Only the judgment day will be more significant than that moment. God achieved victory over evil! Yet, not one human understood God’s accomplishment! The eleven apostles did not. The women who followed and served Jesus and his disciples did not. Those helped by Jesus did not. Certainly Jesus’ enemies did not.
Jesus presented his resurrected, physical body to many for forty days. Still no one understood. Followers were overjoyed that he was resurrected, but they did not understand the significance of his death or resurrection. Not until Jesus was presented as Lord and Christ in Acts 2 did they begin to understand. What they had in mind for Jesus and what God had in mind for Jesus were totally different in focus. Their focus simply was not God’s focus.
Grieving seems to be part of my life. I know and understand much more today than I did ten years ago. Going back beyond ten years is embarrassing. When I reflect on all the things I did not know and understand earlier in my life, I grieve and apologize to God. Now I know enough to realize that I never grasped all that God intended or does in Jesus whom He made Lord and Christ.

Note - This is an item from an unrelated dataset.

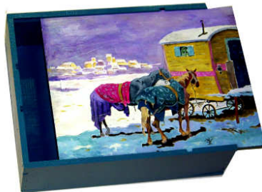
TELETHON LAZ 2013 Grand coffret

My goal: have the faith and courage to understand Scripture’s meaning. That demanding goal that is better described as a journey. That journey often walks through fear, often humbles me, and constantly teaches me that faith is trusting God. When my faith is focused on things other than God, I am afraid. When I realize what happened, I am humbled. I often thought I was trusting God only to learn I was not.
I grieve when individuals would rather be religious than spiritual. I grieve when families substitute religious habits for godly values. I grieve when groups would rather defend church history than return to Jesus’ cross. I grieve when Christians would rather place blame than repent. I grieve when congregations prefer to measure themselves by their standards rather than Christ’s. I grieve when the church substitutes its purposes for God’s. And, when I look at God’s perfect holiness and purity and see myself, I grieve.
God, please focus us. Only then can we see Your purposes through Your eyes.